**How to complete this task**
This exercise calls for retyping every line below exactly, with the images omitted.

**Data**
------------------------------
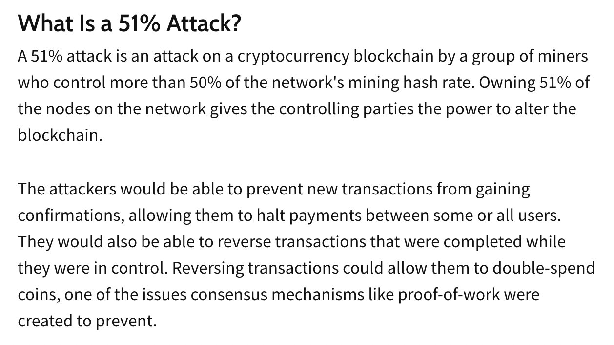 Attack method: rent GPUs to out-mine the existing miners; control the chain long enough to make changes.
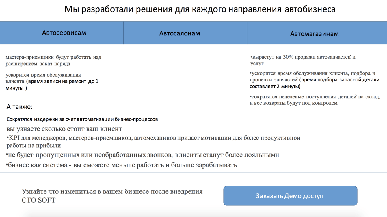 Ключевое, что дало результат - это оффер на первом экране, совпадающий с запросом целевой аудитории, и ключевое действие "Заказать Демо-доступ" продукта.
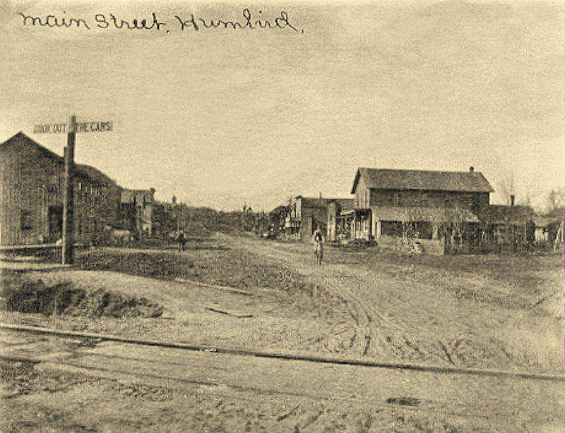 Looking at Main Street from across the Railroad tracks on County Road F, Humbird, WI. Early 1900's.
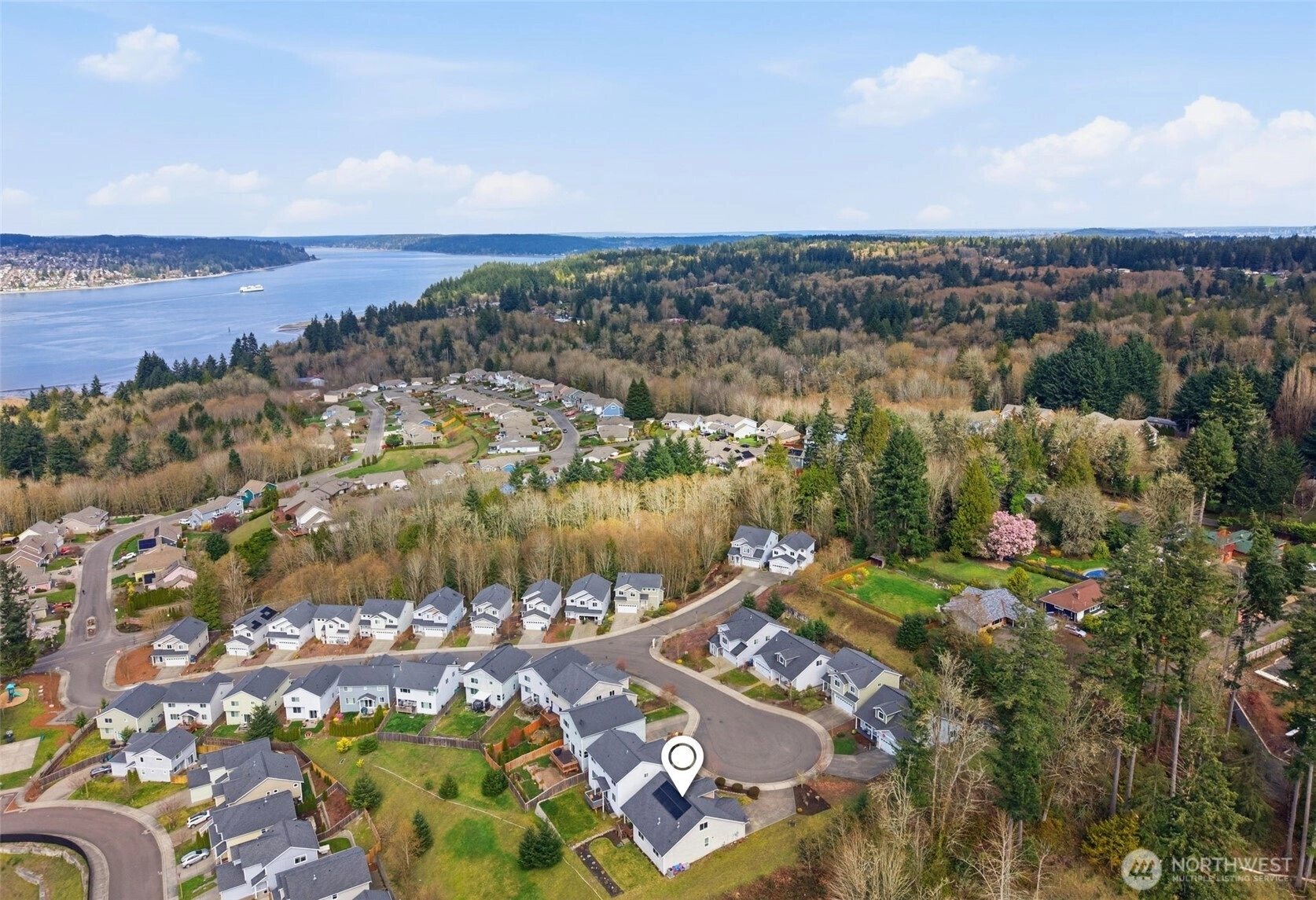 Set in an elevated position with sweeping Olympic Mountain views, this light-filled residence captures the essence of refined Northwest living. Designed for everyday ease, the home features a highly sought-after main-level primary suite, while vaulted ceilings and 9-foot ceilings throughout the main level create a sense of volume and openness. Expansive windows bring in natural light, and seamless flow connects the kitchen, living, and outdoor spaces, with a private greenbelt backdrop enhancing the sense of calm and retreat. The kitchen offers granite countertops, gas cooking, and a generous island, opening to both a dining area and breakfast nook with direct access to the covered deck; creating an effortless indoor-outdoor connection. Upstairs, additional bedrooms and flexible loft space provide room for guests, work, or evolving needs. Thoughtfully designed with no-step access from both the garage and front entry, the home supports long-term comfort and livability. Additional features include a gas fireplace, energy-efficient heat pump, and solar panel system designed to help reduce utility costs with potential for energy credits. Located just 2.4 miles to Port Orchard’s waterfront, shops, and restaurants, and approximately 12 minutes to the Southworth Ferry for access to Seattle. A rare combination of views, main-level living, and privacy in a setting that feels both connected and removed.
------------------------------
**Response to this exercise**
 Attack method: rent GPUs to out-mine the existing miners; control the chain long enough to make changes.
 Ключевое, что дало результат - это оффер на первом экране, совпадающий с запросом целевой аудитории, и ключевое действие "Заказать Демо-доступ" продукта.
 Looking at Main Street from across the Railroad tracks on County Road F, Humbird, WI. Early 1900's.
 Set in an elevated position with sweeping Olympic Mountain views, this light-filled residence captures the essence of refined Northwest living. Designed for everyday ease, the home features a highly sought-after main-level primary suite, while vaulted ceilings and 9-foot ceilings throughout the main level create a sense of volume and openness. Expansive windows bring in natural light, and seamless flow connects the kitchen, living, and outdoor spaces, with a private greenbelt backdrop enhancing the sense of calm and retreat. The kitchen offers granite countertops, gas cooking, and a generous island, opening to both a dining area and breakfast nook with direct access to the covered deck; creating an effortless indoor-outdoor connection. Upstairs, additional bedrooms and flexible loft space provide room for guests, work, or evolving needs. Thoughtfully designed with no-step access from both the garage and front entry, the home supports long-term comfort and livability. Additional features include a gas fireplace, energy-efficient heat pump, and solar panel system designed to help reduce utility costs with potential for energy credits. Located just 2.4 miles to Port Orchard’s waterfront, shops, and restaurants, and approximately 12 minutes to the Southworth Ferry for access to Seattle. A rare combination of views, main-level living, and privacy in a setting that feels both connected and removed.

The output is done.